From here forward in this write-up, S&G will refer to Shawn and Gustavo rather than trying to specifically call out who said which part.
Some key takeaways/thoughts from Shawn and Gustavo’s point of view:
- It’s very easy for centralized governance to become a bottleneck. Make sure any central governance team/board that is making decisions has a way to quickly work through backlog through good delegation. Not every decision needs deep scrutiny from top management.
- To do federated governance right, you need to enable the enforcement – or often more appropriately the application – of policies through the platform wherever possible. Take the burden off the engineers to comply with your governance standards/requirements.
- Domains should have the freedom to apply policies to their data products in a way that best benefits the data product consumers. So if there are data quality standard policies, the data product should adhere to the standard for measuring completeness as an aspect of data quality but might be optimized for something other than completeness.

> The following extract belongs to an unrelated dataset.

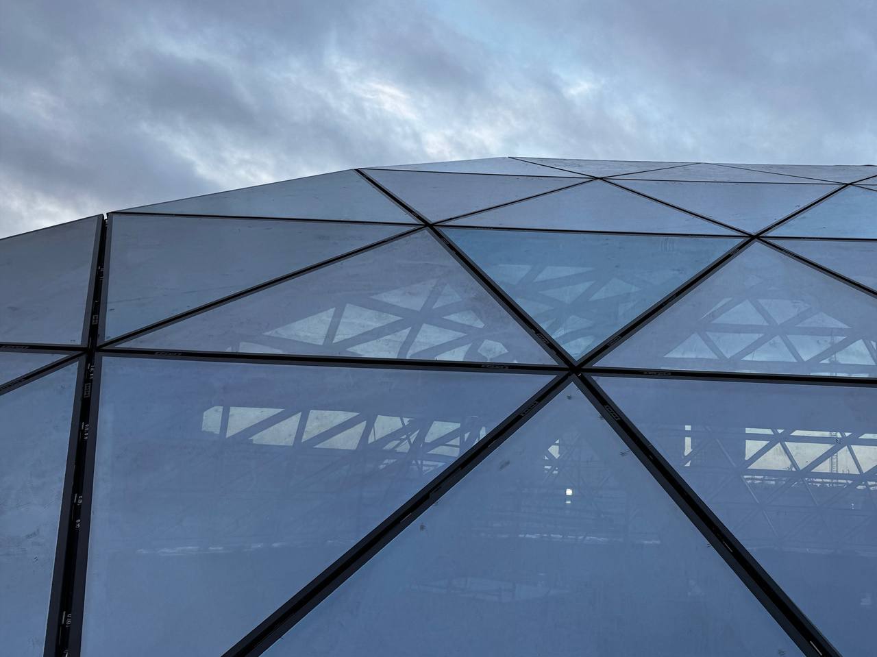 На строительстве вестибюля станции «Юго-Западная» Красносельско-Калининской линии Петербургского метрополитена выполнено остекление конструкции купола внутреннего атриума инженерного центра метрополитена.

- The cost of getting anything “wrong” in data previously has been quite high because of how rigid things have been – the cost of change was high. But with data mesh, we are finding new ways to lower the cost of change. So it is okay to start with policies that aren’t complete and will evolve as you move along.

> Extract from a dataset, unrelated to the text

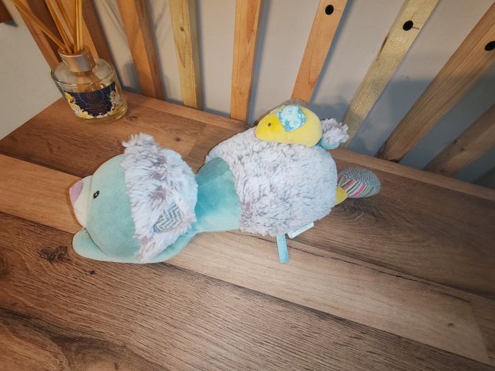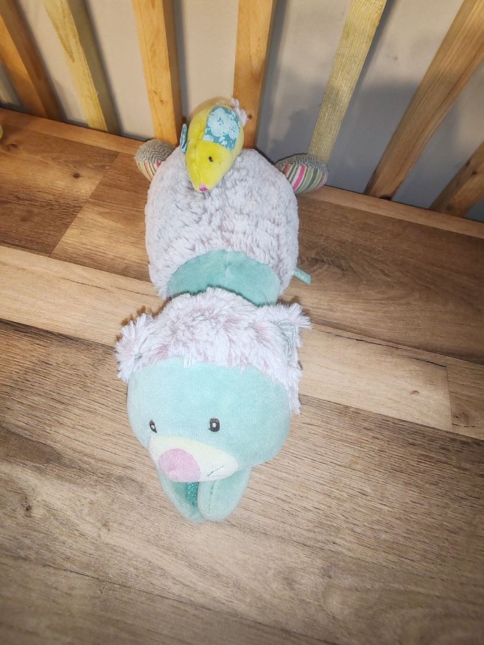 Doudou musical chat bleu gris vert souris les Pachats MOULIN ROTY Tbe La Boîte à musique fonctionne parfaitement 16.90 euros Envoi en relais

- If you have an existing centralized governance board, that will sometimes make moving to federated governance … challenging at best … so you will need a top-down mandate to reshape the board. Look to meet the necessary representation across your capabilities (e.g. product, security, platform, engineering, etc.) but not create a political issue if possible.
- Look to add incremental value through each governance policy. And look to iterate quickly on policy decisions where you can. Create a feedback loop on your policies to iterate and adjust. It’s okay to not get your policies perfect the first time, you can adjust them.

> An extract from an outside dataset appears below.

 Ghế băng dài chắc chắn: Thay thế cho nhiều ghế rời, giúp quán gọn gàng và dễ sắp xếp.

- Really figure out what you are trying to prove out in your initial proof of value/concept. If it’s full data mesh capabilities, that can easily take 4-6 months.
- An interesting incremental insight: Zhamak has warned about organizations trying to scale too fast as an anti-pattern that may result in lots of tech debt or a failure of your implementation.
- An interesting incremental insight: in all of the data mesh implementations S&G have worked on thus far, the initial data product has not had any PII as that adds significant complications probably beyond what the value add of including PII would be in most cases.
- Your data mesh implementation team should be 1-2 people from every necessary capability.
- Data mesh is a large commitment – resources, time, focus, etc. – so you need to be prepared to fund it for the long-haul. This isn’t an initial big-bang approach. But this is also why you should focus on continuous incremental value delivery once you get to delivering data products to keep up momentum.
- You will get things wrong as you move forward with your data mesh implementation. Look to limit the blast radius but it’s absolutely fine and expected that you will learn and improve. Data mesh gives people flexibility and flexibility allows for making changes. Set up fast feedback loops and look to iterate rather than trying to get it perfect the first time. Perfect is the enemy of done.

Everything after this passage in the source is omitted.